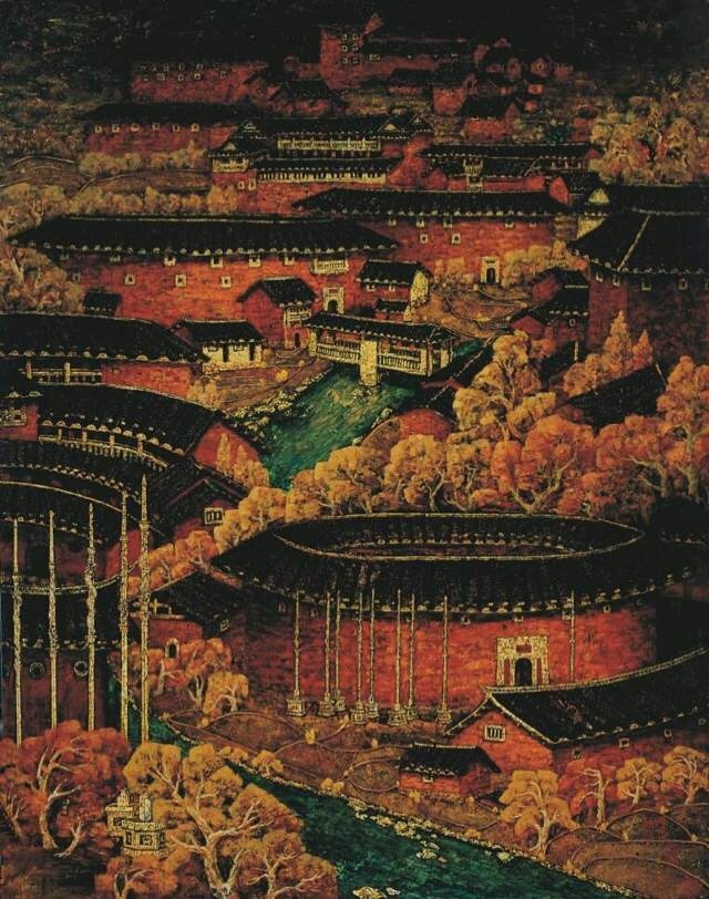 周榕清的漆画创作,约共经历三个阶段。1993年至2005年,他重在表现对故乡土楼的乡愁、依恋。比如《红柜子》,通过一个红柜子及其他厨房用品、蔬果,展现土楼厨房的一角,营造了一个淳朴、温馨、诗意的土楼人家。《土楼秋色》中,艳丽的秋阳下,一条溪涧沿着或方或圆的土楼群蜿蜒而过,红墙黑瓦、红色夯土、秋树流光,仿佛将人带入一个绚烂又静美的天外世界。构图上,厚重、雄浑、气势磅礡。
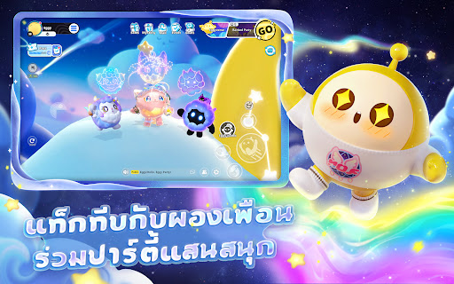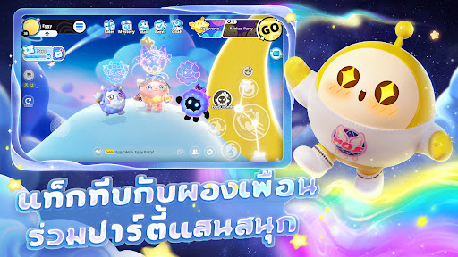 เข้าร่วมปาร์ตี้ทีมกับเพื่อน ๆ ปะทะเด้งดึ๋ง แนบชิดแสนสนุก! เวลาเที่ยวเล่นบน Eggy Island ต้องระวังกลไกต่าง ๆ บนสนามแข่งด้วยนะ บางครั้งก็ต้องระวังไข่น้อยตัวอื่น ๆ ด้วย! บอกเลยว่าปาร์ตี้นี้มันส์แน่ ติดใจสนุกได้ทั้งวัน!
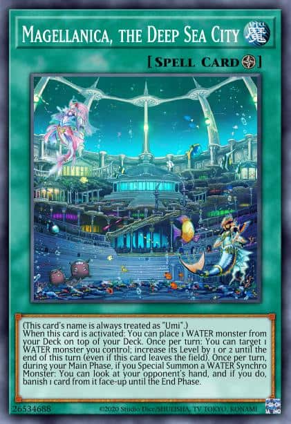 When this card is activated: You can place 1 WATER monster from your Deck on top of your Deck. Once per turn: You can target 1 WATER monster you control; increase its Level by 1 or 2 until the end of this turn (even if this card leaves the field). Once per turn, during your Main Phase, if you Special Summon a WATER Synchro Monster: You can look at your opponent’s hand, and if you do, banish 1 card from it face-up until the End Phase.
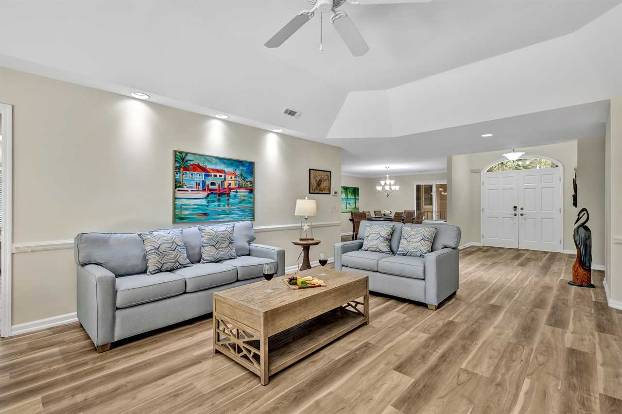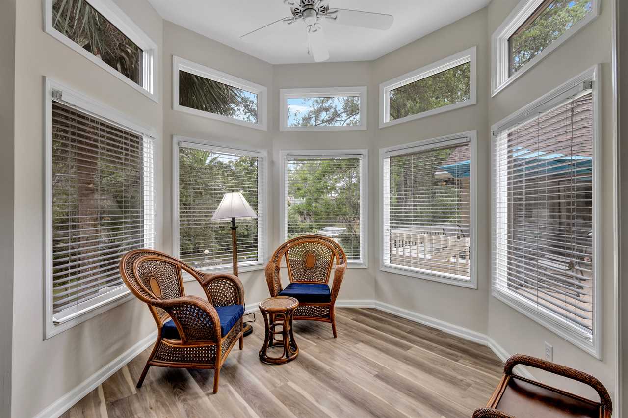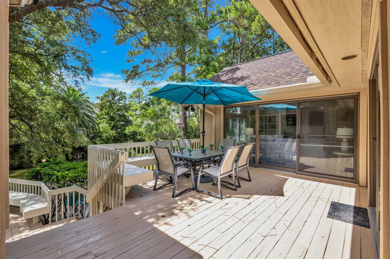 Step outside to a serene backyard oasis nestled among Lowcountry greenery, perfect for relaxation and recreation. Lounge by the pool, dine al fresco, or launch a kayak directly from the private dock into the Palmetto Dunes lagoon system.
...
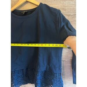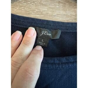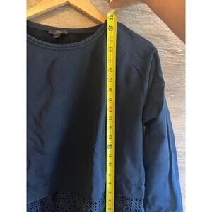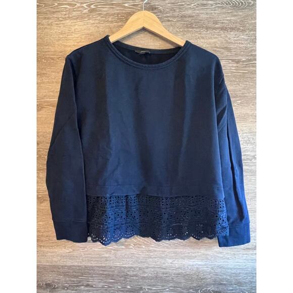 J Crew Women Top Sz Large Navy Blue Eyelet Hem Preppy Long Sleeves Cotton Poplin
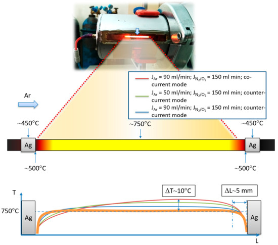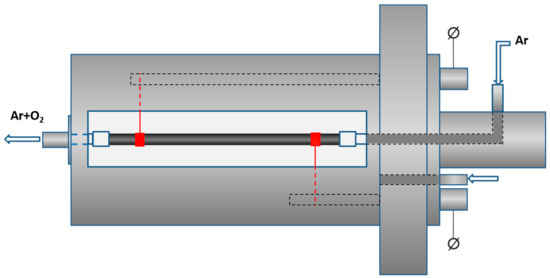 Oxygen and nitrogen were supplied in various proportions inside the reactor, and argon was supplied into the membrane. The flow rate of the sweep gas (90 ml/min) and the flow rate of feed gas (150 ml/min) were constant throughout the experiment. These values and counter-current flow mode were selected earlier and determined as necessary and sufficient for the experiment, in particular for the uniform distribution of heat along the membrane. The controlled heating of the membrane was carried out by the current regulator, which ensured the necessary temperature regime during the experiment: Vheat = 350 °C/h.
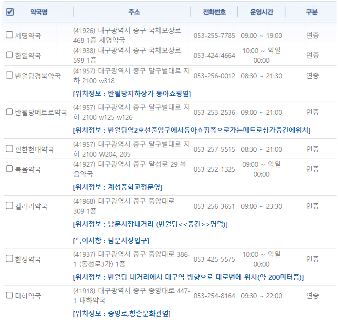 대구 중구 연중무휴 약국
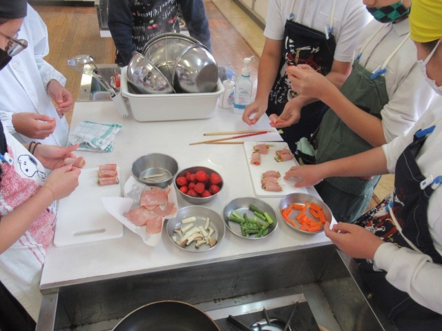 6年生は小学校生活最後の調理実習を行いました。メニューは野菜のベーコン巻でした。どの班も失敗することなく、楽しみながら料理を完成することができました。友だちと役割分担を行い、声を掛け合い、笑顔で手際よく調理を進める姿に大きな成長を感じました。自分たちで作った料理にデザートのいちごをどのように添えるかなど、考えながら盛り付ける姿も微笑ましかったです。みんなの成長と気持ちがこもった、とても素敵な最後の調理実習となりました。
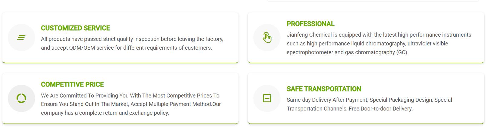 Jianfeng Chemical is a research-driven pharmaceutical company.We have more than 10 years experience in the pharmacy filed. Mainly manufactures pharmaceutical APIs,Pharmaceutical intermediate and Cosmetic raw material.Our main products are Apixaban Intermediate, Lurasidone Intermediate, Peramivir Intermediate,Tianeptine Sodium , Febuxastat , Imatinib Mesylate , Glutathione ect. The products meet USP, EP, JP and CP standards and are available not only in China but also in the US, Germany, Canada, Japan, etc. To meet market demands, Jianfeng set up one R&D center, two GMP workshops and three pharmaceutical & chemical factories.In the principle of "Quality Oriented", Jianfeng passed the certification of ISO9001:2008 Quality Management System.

**WHAT YOU HAVE TO DO:**
Starting at the line above with "대구 중구 연중무휴 약국", output every line exactly up to and including the line with "Jianfeng Chemical is", but none of the pictures.

**OUTPUT:**
 대구 중구 연중무휴 약국
 6年生は小学校生活最後の調理実習を行いました。メニューは野菜のベーコン巻でした。どの班も失敗することなく、楽しみながら料理を完成することができました。友だちと役割分担を行い、声を掛け合い、笑顔で手際よく調理を進める姿に大きな成長を感じました。自分たちで作った料理にデザートのいちごをどのように添えるかなど、考えながら盛り付ける姿も微笑ましかったです。みんなの成長と気持ちがこもった、とても素敵な最後の調理実習となりました。
 Jianfeng Chemical is a research-driven pharmaceutical company.We have more than 10 years experience in the pharmacy filed. Mainly manufactures pharmaceutical APIs,Pharmaceutical intermediate and Cosmetic raw material.Our main products are Apixaban Intermediate, Lurasidone Intermediate, Peramivir Intermediate,Tianeptine Sodium , Febuxastat , Imatinib Mesylate , Glutathione ect. The products meet USP, EP, JP and CP standards and are available not only in China but also in the US, Germany, Canada, Japan, etc. To meet market demands, Jianfeng set up one R&D center, two GMP workshops and three pharmaceutical & chemical factories.In the principle of "Quality Oriented", Jianfeng passed the certification of ISO9001:2008 Quality Management System.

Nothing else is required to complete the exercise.